Most disease of the pituitary and central skull base are treated surgically using the so-called endoscopic transnasal approach, in which the surgeon works through the nostrils.
The Pituitary and Central Skull Base Unit performs approximately 200 procedures every year – making it the largest centre in the UK. The unit places great emphasis on quality and safety and enjoys an international reputation, receiving many referrals from around the world.
The Unit offers neurosurgical solutions for people living with a range of diseases affecting the pituitary and central skull base. These include benign diseases such as:
- Non-functioning pituitary adenoma
- Functioning pituitary adenoma (including Cushing’s disease, acromegaly, prolactinoma, and TSHoma)
- Rathke’s cleft cysts
- Craniopharyngioma
- Meningioma
And malignant (cancerous) diseases such as:
- Chordoma
- Chondrosarcoma
- Olfactory neuroblastoma
We also provide support to surgeons caring for paediatric patients with pituitary adenoma and related diseases at Great Ormond Street Hospital for Children.
Pituitary surgery
The most common operations we perform are for pituitary disease, including pituitary adenoma. Please see the below videos for information on what the pituitary gland is, why pituitary tumours need treating, the treatment options, and the risks of surgery.
Case study
In the run-up to the 2020 outbreak of Covid-19, builder Mr H, now 63, started experiencing occasional bouts of double vision: "It was usually while watching the football, and I’d be seeing more footballs and players than were on the pitch. Then one day, I was working on two pipes under the kitchen sink at my daughter’s and I saw four instead. That’s what raised the alarm.”

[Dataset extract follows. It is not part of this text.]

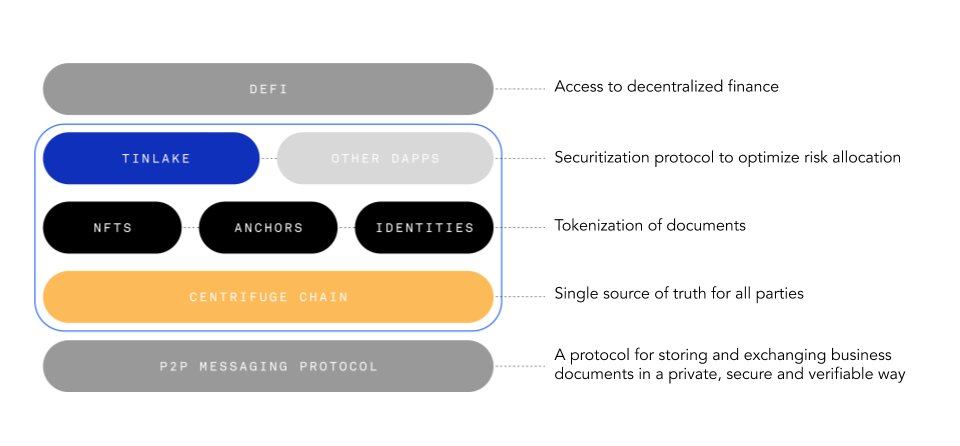 ▫️ Centrifuge Stack: Centrifuge Stack combines a peer-to-peer messaging protocol for secure business document exchange. Built on top of Substrate, Centrifuge Chain acts as an immutable source of truth for document tokenisation and funding through dApps like Tinlake.

Alongside this, Mr H was experiencing recurrent headaches, and both problems were initially attributed to his eyesight. Mr H tried new contact lenses, and even went on to have laser eye surgery. After the eye surgery had proved ineffective, a further examination at the eye clinic led to Mr H being admitted to UCLH where a pituitary tumour was diagnosed. While he was there, he received a visit from Hani Marcus, a consultant neurosurgeon at The National Hospital.
“Obviously when I first heard it was a tumour, I was scared,” says Mr H. “But I got talking to Hani and we’re both Arsenal supporters so we had a rapport straight away.”
Although the tumour was established as benign, Mr H remained anxious about the nature of the operation until a staff nurse talked him through the procedure.
“She sat down at the end of my bed and explained that they go in through the nose,” says Mr H. “Of course, that was reassuring, because I thought they were going to shave my head and open it up. Not only that, I found out they do four surgeries a day and the success rate for what I was having done was good - they’ve never lost anyone.”
On 10 November 2020, Mr H underwent successful neurosurgery to remove his pituitary tumour.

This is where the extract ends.